At this time a year ago, RSM employees had just found out if the firm was handing out raises and bonuses while the Rona was still raging in the U.S. Management decided to give raises—capped at 5%—to only those employees who received a promotion (i.e., A2->S1, S1->Supervisor, Supervisor->Manager, etc.). As summer turned to fall, and once management had an idea of how well RSM was performing during its 2021 fiscal year, Joe Adams & Co. decided they would be giving everyone merit-based raises on Nov. 1. 2020.
Firms giving out raises during the height of the pandemic last year were few and far between, so RSM was praised by non-RSMers on the usual chatter sites for giving its employees something at least.
A few weeks ago, RSMers anxiously awaited what raises would be like this year. They had to be more than last year, right? For all the work employees had to do to make RSM money during the worst global health crisis any of us have ever experienced, right?
To find out, I went on r/accounting and went through the RSM comp thread for 2021, both threads for 2020 (here and here), and the one for 2019, and calculated the average raise percentage for each step up in rank or promotion where data was available (i.e, A1->A2, A2->S1, S1->S2, M1->M2, etc).

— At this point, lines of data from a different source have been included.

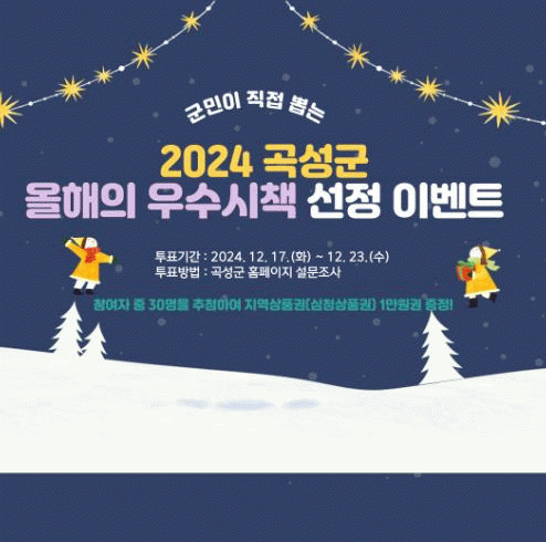 이번 설문조사는 12월 23일까지 군 홈페이지를 통해 군민이면 누구나 참여할 수 있으며 참여자를 대상으로 추첨을 통해 지역상품권인 심청상품권 1만 원권을 증정할 예정이다.
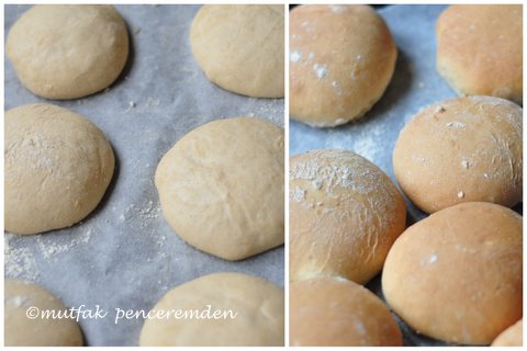 -Mayalanan hamuru ellerimizi unlayarak 15 eşit parçaya bölüyor, her birini yuvarlayıp sandviç şekli veriyor ve yağlı kağıt üzerine bırakıyoruz. 45 dakika /1 saat kadar tekrar mayalanmalarını bekliyoruz. Hamurlar kabaracağı için aralarına boşluk bırakıyoruz.
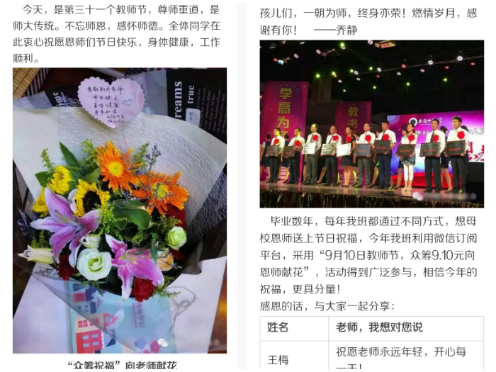 各班级以“鲜花一朵敬吾师”微信众筹、发送电子贺卡等不同形式活动,表达了对老师们无尽诚挚的感激之情和尊敬之意。

These averages don’t take into effect factors like location/cost of living, line of service, academic degrees, rating (showing potential, doing great, game changer), and bonuses/awards. This is just the average percentage of how much base pay increased per step up in rank/promotion.
Here are the results:
A1->A2
- 6.6% (2021)
- 6.3% (2020)
- 7.2% (2019)
A1->S1
- 15% (2021)
- N/A (2020)
- 18.7% (2019)
A2->S1
- 12.5% (2021)
- 11.7% (2020)
- 15.6% (2019)
S1->S2
- 7.2% (2021)
- 8.3% (2020)
- 10.3% (2019)
S1->Supervisor
- 17% (2021)
- 11.8% (2020)
- 13.5% (2019)
S2->Supervisor
- 12.9% (2021)
- N/A (2020)
- N/A (2019)
Supervisor->M1
- 12.3% (2021)
- 17.3% (2020)
- 11% (2019)
M1->M2
- 13% (2021)
- 10% (2020)
- N/A% (2019)
M2->M3
- 6.8% (2021)
- N/A (2020)
- N/A (2019)
As expected, this year’s raises topped last year’s in most categories, except S1->S2 and Supervisor->Manager 1, but not by much in a few instances. Raises were only 3% and 4%, respectively, for two RSMers who moved up from S1->S2 this year, according to the 2021 RSM Comp Thread on Reddit.
But the biggest thing that stood out to me was how low raises were this year in almost all of the Associate and Senior categories compared to 2019.